***** COLLECTED DATA

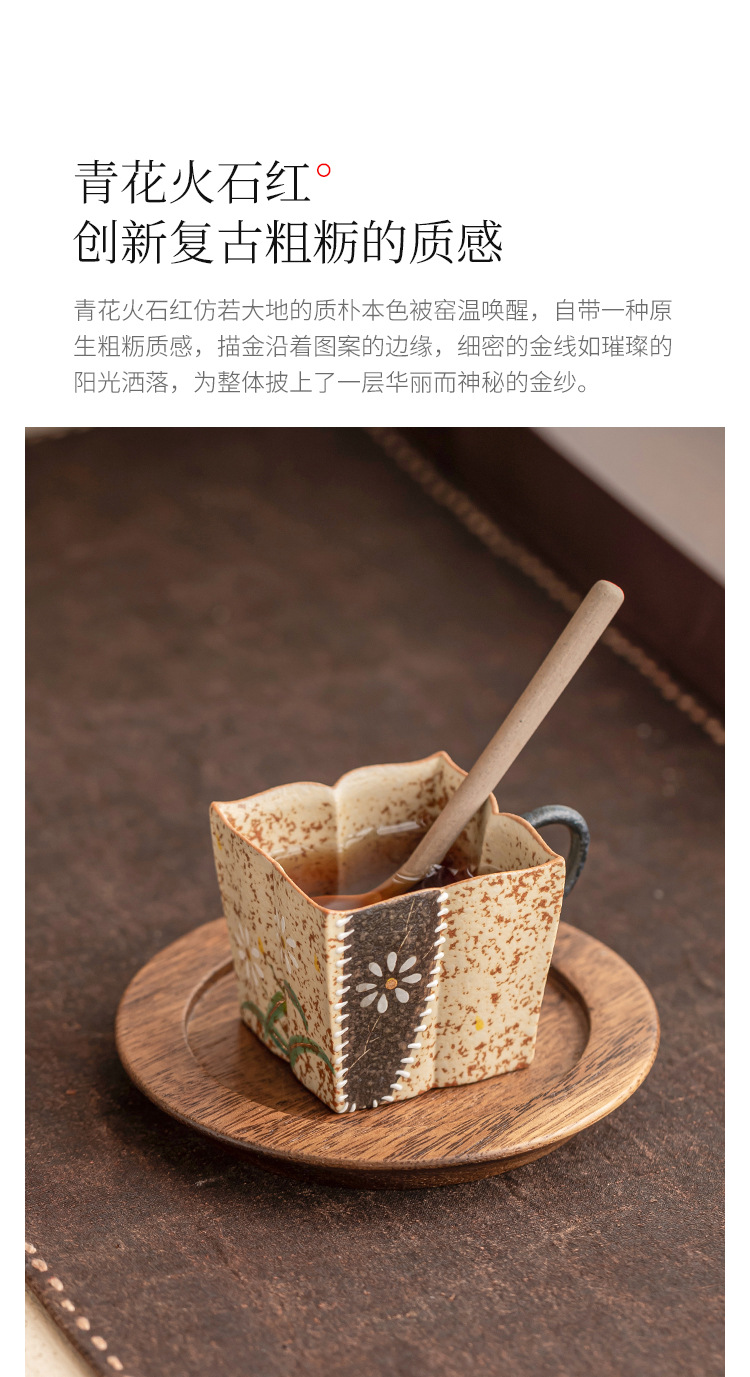 Màu xanh và trắng đá lửa màu đỏ tách cà phê espresso tách trà cốc chủ nhân vẽ tay hoa cúc nhỏ vẽ tay hoa cúc vuông cốc trà đơn
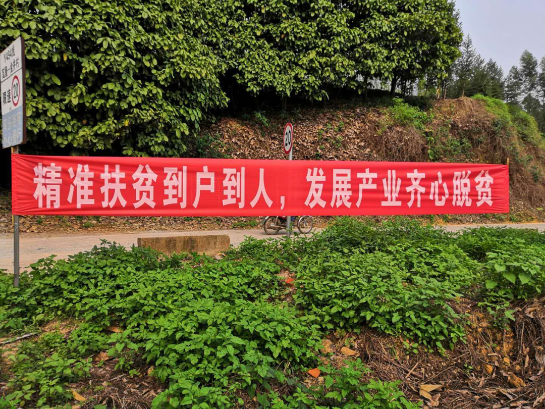 制作悬挂一批扶贫宣传标语,营造浓厚宣传氛围。(来源:四会市威整镇人民政府供图)
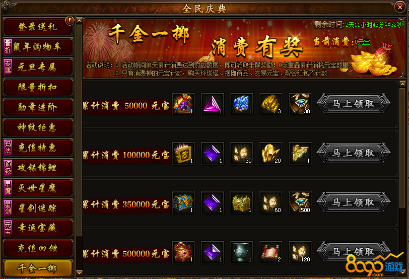 活动说明:全新千金一掷上线,活动期间每日累计消费达到一定额度,即可免费领取高级许愿书、超级技能宝箱、传说武魂福袋、10~16转装备自选宝箱、随机极品星座符文宝箱等极品道具,奖励每天充值!
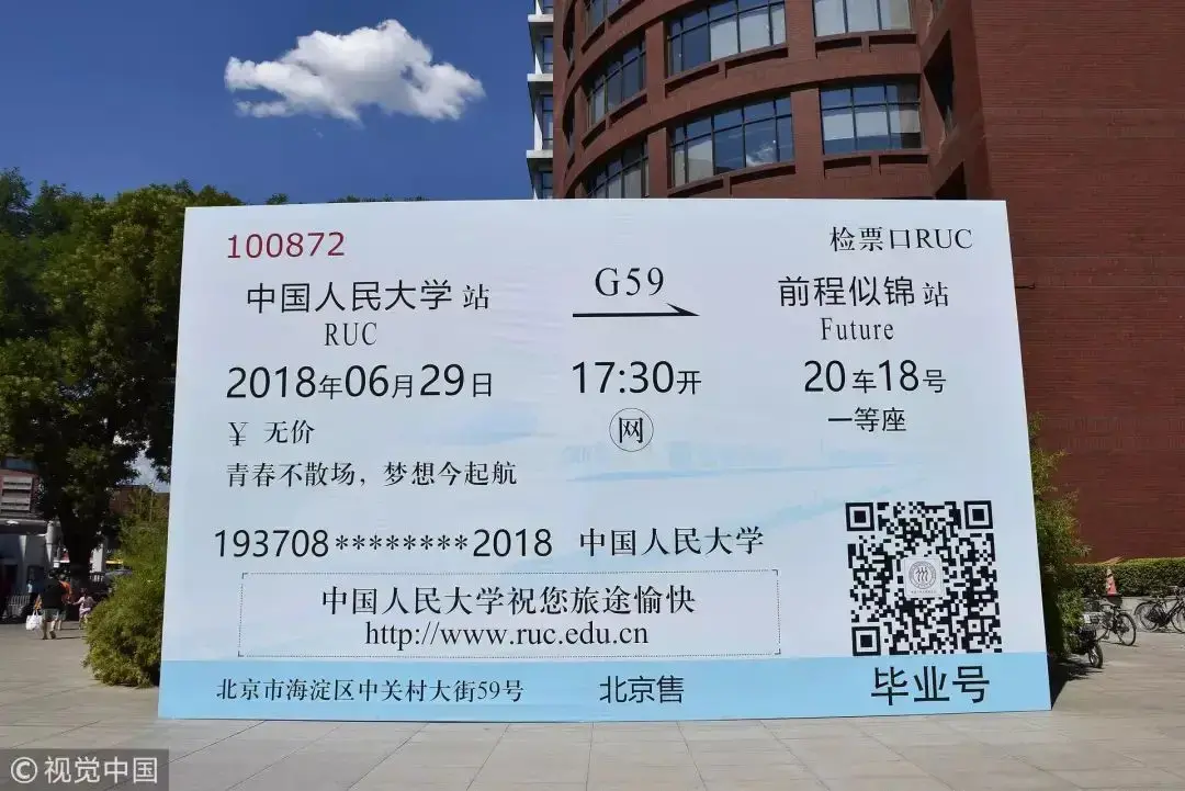 2018年6月28日,北京,人大广场上竖立着一张巨幅毕业“车票”,终点站写着前程似锦 / 视觉中国

**********

Pictures aside, retype the material exactly.

◆ ANSWER FOR THIS EXERCISE:
 Màu xanh và trắng đá lửa màu đỏ tách cà phê espresso tách trà cốc chủ nhân vẽ tay hoa cúc nhỏ vẽ tay hoa cúc vuông cốc trà đơn
 制作悬挂一批扶贫宣传标语,营造浓厚宣传氛围。(来源:四会市威整镇人民政府供图)
 活动说明:全新千金一掷上线,活动期间每日累计消费达到一定额度,即可免费领取高级许愿书、超级技能宝箱、传说武魂福袋、10~16转装备自选宝箱、随机极品星座符文宝箱等极品道具,奖励每天充值!
 2018年6月28日,北京,人大广场上竖立着一张巨幅毕业“车票”,终点站写着前程似锦 / 视觉中国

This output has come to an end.